Kim Hyun-chong, second deputy director of the presidential National Security Office, returned home after visiting Washington to coordinate agendas for summit talks between South Korea and the U.S. Upon arriving on Friday, Kim said the South Korean and U.S. leaders will meet in person and discuss the resumption of the inter-Korean Kaesong Industrial Complex and South Koreans’ tours to the North’s Mount Kumgang. Kim visited Washington for the first time since his inauguration on March 30, and met with his U.S. counterpart, Deputy National Security Adviser Charles Kupperman, at the White House on Monday.
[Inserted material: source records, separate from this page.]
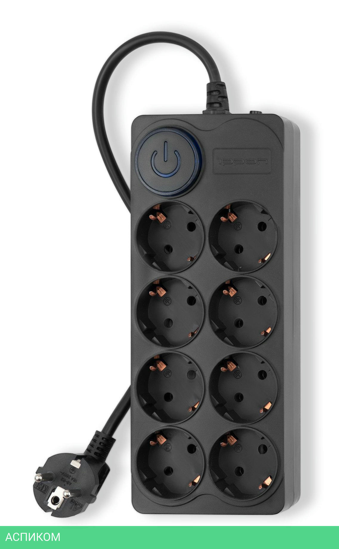 сетевой фильтр / 8 / 3.0 / Schuko (евро с заземлением) / черный / Schuko (евро с заземлением) / нет / нет / нет
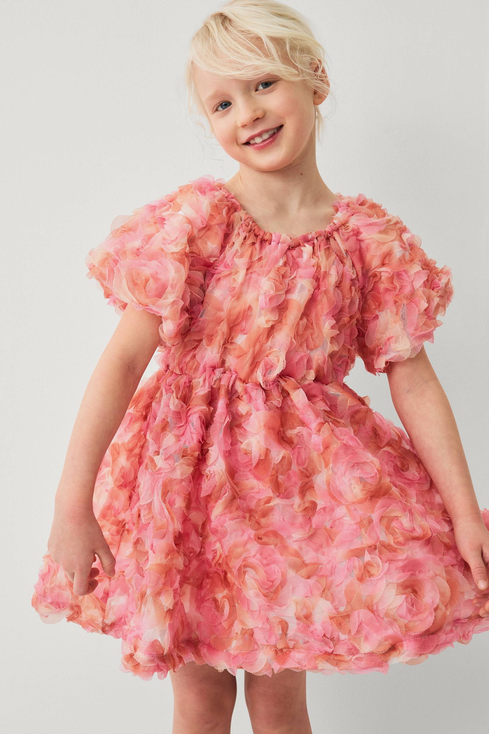 • Foret kjole i mesh med 3D-blomster• Rund, elastisk halsudskæring• Korte ballonærmer med elastik ved manchetterne• Elastik ved taljen• Elastisk for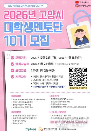 [경기뉴스원/경기뉴스1] | 고양특례시가 지역 청소년들의 진로 설계를 도울 대학생 멘토단 ‘고양유니브’의 2026년도 신입 단원을 1월 18일까지 모집한다고 밝혔다.

“We never mentioned the resumption of Mount Kumgang tours and the Kaesong industrial complex during this visit,” Kim told reporters at Incheon International Airport on the day. “As for these and other agendas and issues, the leaders will hold more in-depth discussions in person.” Kim thus indicated that resumption of Mount Kumgang tours and the Kaesong complex could be discussed during the South Korea-U.S. summit in Washington, which is scheduled on April 11, as “carrot” for the North to bring Pyongyang back to the negotiation table after the collapse of the Hanoi summit.
Chung Ui-yong, chief of the presidential National Security Office, told the parliamentary Steering Committee’s general meeting on Thursday that after the Hanoi summit U.S. President Donald Trump suggested that Seoul push for an inter-Korean summit before the South Korea-U.S. summit, adding however, “Conditions (for holding inter-Korean summit) were not favorable.” Considering this, the envisaged process seems to have changed to a scenario wherein the Seoul government will seek to hold an inter-Korean summit with outcomes of the upcoming South Korea-U.S. summit in place.
Kim also said that during his visit to Washington he held discussions about the U.S. Trade Expansion Act 232 through which Washington seeks to impose tariffs on imported automobiles including South Korean cars. “I mentioned (to the U.S.) that Washington needs to consider the measure more cautiously because it will not be helpful to global trade,” Kim said.